Many in vivo studies have examined the cerebrospinal fluid (CSF) as a source for biomarkers of AD pathology. The CSF is in direct contact with the brain and its molecular composition reflects biochemical changes in the brain (12). Currently, available CSF analytes target most aspects of AD pathology, including markers for Aβ (i.e., Aβ42 and Aβ40 amino-acid residues) and tau pathology (i.e., total tau, T-Tau, a marker of neuronal degeneration, and hyperphosphorylated tau, P-Tau231, a marker of neurofibrillary tangles, NFT), as well as oxidative stress (F2-isoprostane, IsoP). These CSF markers accurately discriminate AD from controls and other dementias (13–15) and predict decline to AD in non-demented individuals (16–20).
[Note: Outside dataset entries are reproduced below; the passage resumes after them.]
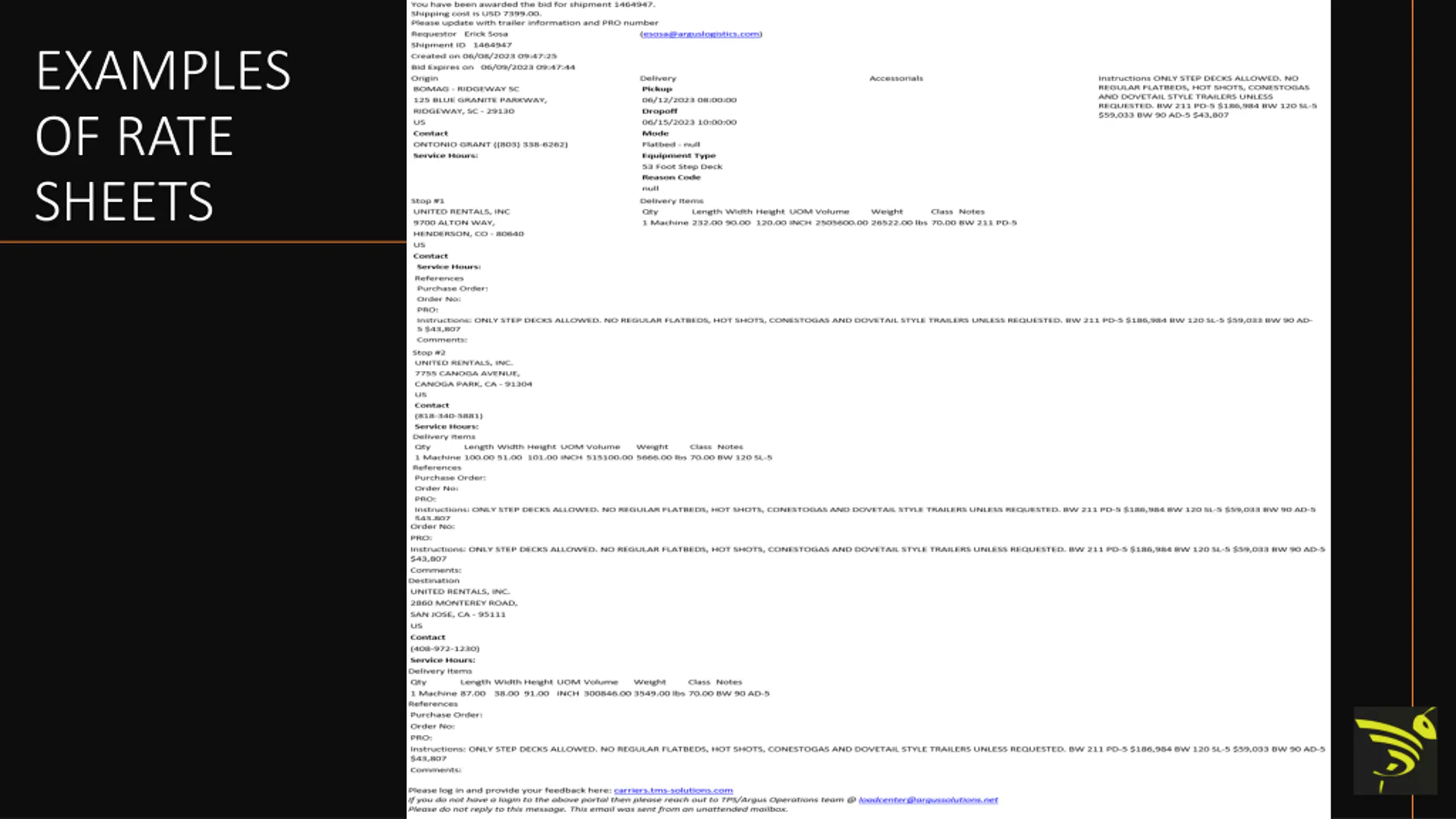 RATE SHEETS IF IT S NOT IN WRITING, IT DOES NOT EXIST All customer rate sheets should be sent to: ratesheets@beemac.com with the order number (pro number) in the subject line. This should be done at time of entering the order. Rate sheets include any customer rates that are agreed upon between you and your customer. These include but are not limited to: Spot Quotes. Approved Quotes to customers via email. Accessorial approvals from the customer. Acceptable rates sheets are: Actual tender sheet with rate on it. Screenshot from customer or terms with rate on it. Approval response from customer.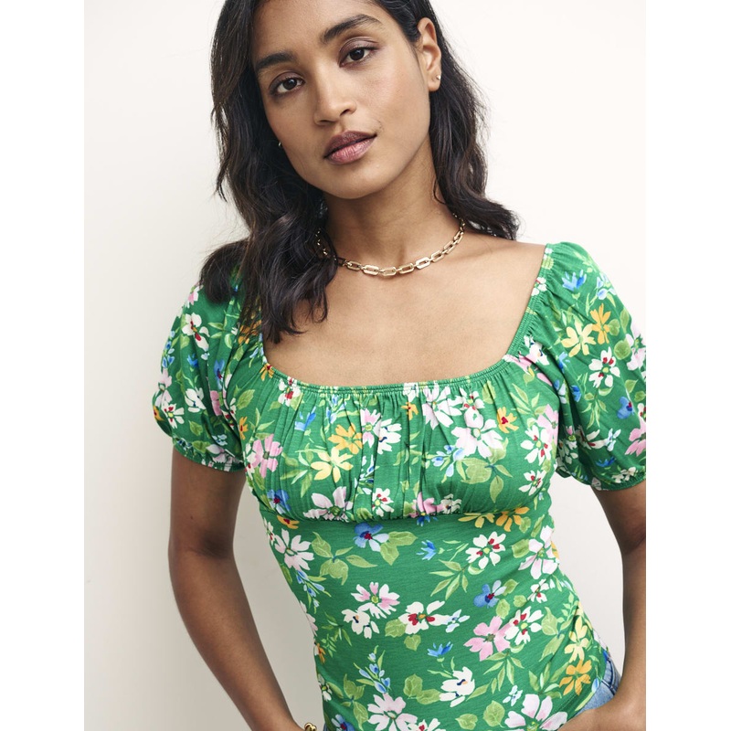 Oh this new number? This green floral top is sure to elicit all the compliments. It comes with a square neckline, ruched bodice and puff sleeves. Team yours with high waisted denim for whatever youve got planned this summer. Square neck Short puff sleeves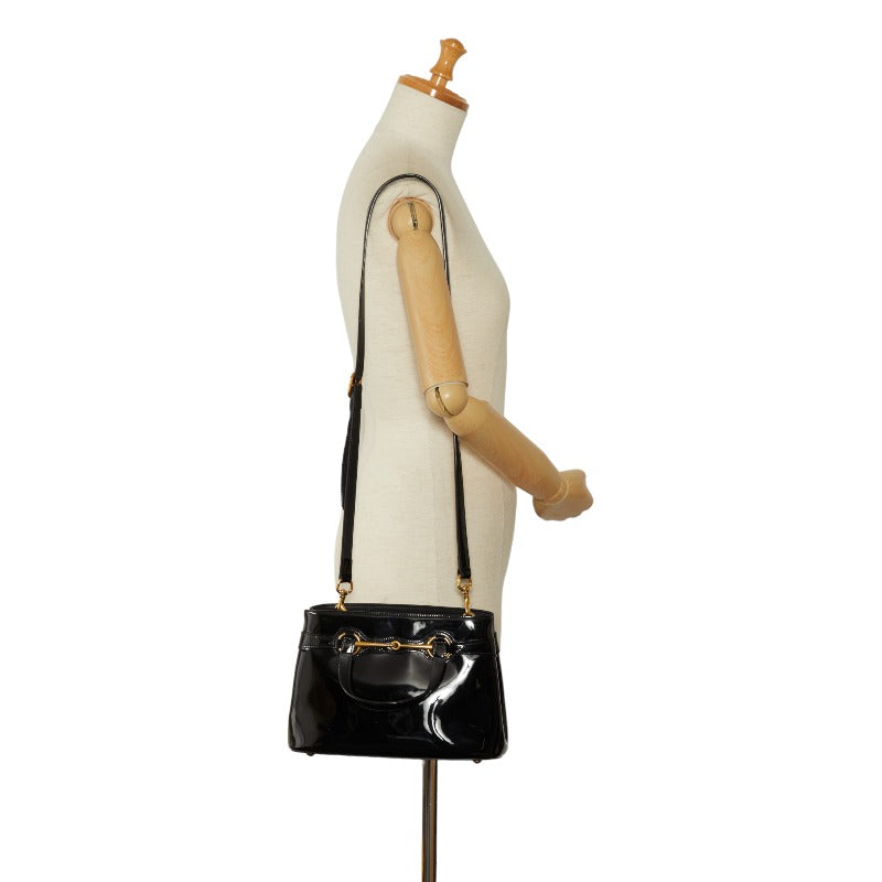 グッチ ホースビット ハンドバッグ ショルダーバッグ 2WAY 371925 ブラック パテントレザー レディース GUCCI 【中古】

The present study examined all the above CSF AD markers to test whether NL MH show higher levels of AD pathology compared to PH and controls, and to examine the relationships across different markers in relation to the subjects’ family history.
This study retrospectively examined a cohort of 110 NL individuals recruited at the Center for Brain Health at New York University (NYU) between 2002–2008 as part of ongoing longitudinal studies in AD. Study subjects were individuals interested in research participation, memory evaluation, and risk consultation, and were family members or caregivers of impaired patients. These subjects were not previously examined for family history effects on CSF biomarkers. All participants received clinical, neuropsychological, MRI exams and a lumbar puncture (LP) within 3 months, and gave their informed consent to this NYU-IRB approved study.
Subjects were 40–80 years of age, had education≥12 yrs, MMSE 28–30, CDR=0, and normal cognitive test performance relative to normative values on an extensive neuropsychological testing battery (21). Subjective reports of memory and other cognitive changes were evaluated during a structured informant-corroborated interview with the study physician using the Global Deterioration Scale (GDS) (22). All subjects had GDS scores of 1 or 2, which indicate normal functioning subjects differentiated only by the absence (GDS=1) or presence (GDS=2) of subjective memory complaints in the absence of clinically recognizable impairment (22,23).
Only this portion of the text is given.